----- Material shown -----

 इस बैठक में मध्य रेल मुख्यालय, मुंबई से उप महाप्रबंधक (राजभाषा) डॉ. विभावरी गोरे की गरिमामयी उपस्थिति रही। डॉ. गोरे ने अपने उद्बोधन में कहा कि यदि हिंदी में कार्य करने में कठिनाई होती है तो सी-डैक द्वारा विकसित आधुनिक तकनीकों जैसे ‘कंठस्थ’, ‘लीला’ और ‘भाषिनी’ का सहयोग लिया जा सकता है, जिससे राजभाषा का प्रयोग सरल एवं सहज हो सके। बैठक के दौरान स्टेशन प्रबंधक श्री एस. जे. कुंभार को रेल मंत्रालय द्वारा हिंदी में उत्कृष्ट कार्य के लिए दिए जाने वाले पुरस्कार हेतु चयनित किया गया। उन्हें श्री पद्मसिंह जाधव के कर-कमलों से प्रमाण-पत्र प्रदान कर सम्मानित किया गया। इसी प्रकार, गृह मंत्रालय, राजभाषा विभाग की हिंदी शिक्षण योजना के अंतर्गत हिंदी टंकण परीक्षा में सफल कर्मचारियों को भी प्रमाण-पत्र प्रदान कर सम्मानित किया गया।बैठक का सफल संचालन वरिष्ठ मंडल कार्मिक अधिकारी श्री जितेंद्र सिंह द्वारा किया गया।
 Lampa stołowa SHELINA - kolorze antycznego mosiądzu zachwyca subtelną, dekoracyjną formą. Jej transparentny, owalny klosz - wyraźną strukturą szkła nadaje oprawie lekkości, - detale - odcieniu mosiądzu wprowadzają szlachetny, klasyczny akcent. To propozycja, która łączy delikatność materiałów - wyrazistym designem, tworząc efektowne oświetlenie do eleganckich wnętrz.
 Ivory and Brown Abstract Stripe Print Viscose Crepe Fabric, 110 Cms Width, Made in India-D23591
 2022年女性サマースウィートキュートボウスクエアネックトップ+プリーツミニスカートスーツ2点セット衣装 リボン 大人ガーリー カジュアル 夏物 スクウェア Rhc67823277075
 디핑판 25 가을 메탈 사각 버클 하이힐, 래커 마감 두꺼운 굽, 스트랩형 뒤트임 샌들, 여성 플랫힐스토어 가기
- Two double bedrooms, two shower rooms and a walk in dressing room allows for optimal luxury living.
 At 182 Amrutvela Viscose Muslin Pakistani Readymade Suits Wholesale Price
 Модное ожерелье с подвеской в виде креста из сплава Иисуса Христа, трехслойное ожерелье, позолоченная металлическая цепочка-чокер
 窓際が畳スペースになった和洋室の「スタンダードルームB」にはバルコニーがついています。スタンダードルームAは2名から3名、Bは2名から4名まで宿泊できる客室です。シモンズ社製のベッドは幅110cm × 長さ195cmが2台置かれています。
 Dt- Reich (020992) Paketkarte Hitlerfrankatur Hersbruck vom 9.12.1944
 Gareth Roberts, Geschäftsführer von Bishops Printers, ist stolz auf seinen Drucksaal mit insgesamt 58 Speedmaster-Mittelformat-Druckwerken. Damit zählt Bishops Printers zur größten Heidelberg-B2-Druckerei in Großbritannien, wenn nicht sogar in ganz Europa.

-----

## [Required work]
Retype, without changes, the lines from the line holding "디핑판 25 가을 메탈" to the end of the data, both ends included.

## [Answer box]
 디핑판 25 가을 메탈 사각 버클 하이힐, 래커 마감 두꺼운 굽, 스트랩형 뒤트임 샌들, 여성 플랫힐스토어 가기
- Two double bedrooms, two shower rooms and a walk in dressing room allows for optimal luxury living.
 At 182 Amrutvela Viscose Muslin Pakistani Readymade Suits Wholesale Price
 Модное ожерелье с подвеской в виде креста из сплава Иисуса Христа, трехслойное ожерелье, позолоченная металлическая цепочка-чокер
 窓際が畳スペースになった和洋室の「スタンダードルームB」にはバルコニーがついています。スタンダードルームAは2名から3名、Bは2名から4名まで宿泊できる客室です。シモンズ社製のベッドは幅110cm × 長さ195cmが2台置かれています。
 Dt- Reich (020992) Paketkarte Hitlerfrankatur Hersbruck vom 9.12.1944
 Gareth Roberts, Geschäftsführer von Bishops Printers, ist stolz auf seinen Drucksaal mit insgesamt 58 Speedmaster-Mittelformat-Druckwerken. Damit zählt Bishops Printers zur größten Heidelberg-B2-Druckerei in Großbritannien, wenn nicht sogar in ganz Europa.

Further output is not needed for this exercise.